As IDG Ventures Boston popped the champagne corks last week to celebrate the close of its $185 million fund (see fund notes, page 4), General Partner Jeff Bussgang was found picking up market trend tips during Microsoft Corp.’s annual VC conference in Mountain View, Calif.
In his blog from last week’s event, Bussgang acquiesces to the notion that the enterprise software model is nearing death, at least from a VC ROI perspective. He wrote the following blog prior to hearing Microsoft CEO Steve Ballmer deliver a keynote. Bussgang promises an update if Ballmer “says anything of interest.”
Notes From a Microsoft Event
Every year, Steve Ballmer and crew come down from Redmond and expose 100 VCs to their upcoming plans. The buzz points in the audience this year include:
The enterprise software business model is dead. This is a refrain many VCs are mumbling to each other lately. It used to be that you could build a profitable enterprise software company at the $15 million to $20 million threshold. But with today’s pricing pressures and high cost of sale, it seems to have jumped to $40 million, and it’s harder to reach that threshold quickly. VC appetite for standard enterprise software appears to be dwindling to nothing.
LAMP cost of ownership vs. Microsoft is a myth. This is a new acronym that I learned today. It stands for Linux, Apache, MySQL and PHP – all open source components that are eating away at Microsoft’s value chain. Microsoft firmly believes that they are right on the facts and losing a perception battle with their core developer community – and need to fix this, fast.

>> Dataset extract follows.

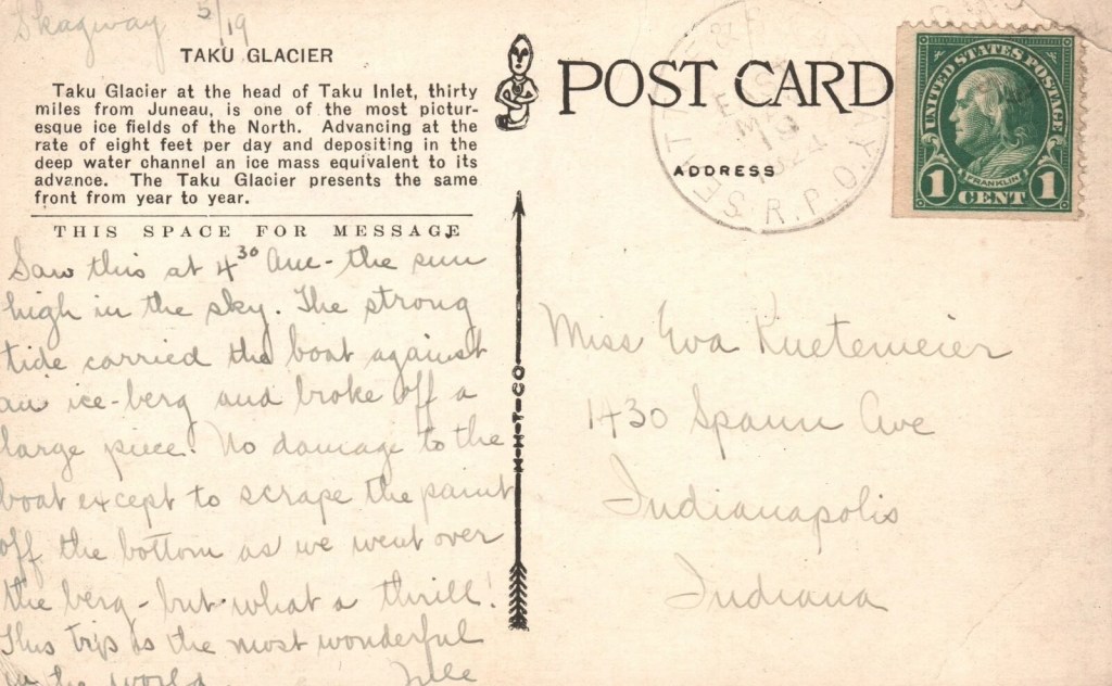 This Taku Glacier postcard was mailed from Seattle, Washington, to Miss Eva Kuetemeier on May 19, 1924. The sender was someone named Nile. I was not able to identify Nile, but did discover that the guy couldn’t write a proper cursive m, turning them into w instead. That had me scratching my head trying to decipher the text.

Microsoft is no longer the Big Bad Wolf. Believe it or not, Microsoft feels downright warm and fuzzy lately to a VC. It used to be that VCs would complain that investing is software is dumb because Microsoft will simply build it and give it away for free. Nowadays, you hear much less of that. The law of large numbers has settled into Redmond’s decisions. If a business is less than $1 billion in platform revenue potential, it’s not interesting enough to warrant Microsoft’s attention. Therefore, there are plenty of multi-hundred million dollar software segments that Microsoft is thrilled to help young companies build (on top of their platform, of course). Also, Microsoft’s IP strategy is now all about aggressive cross licensing rather than offensive litigation. This company has really grown up over the years.
We’ll see if anything new comes out of Ballmer’s keynote over breakfast. Last year, he spent much of the time trying to convince us (and himself) that Microsoft would catch up with and crush Google.
One year later, they seem to have slipped farther behind.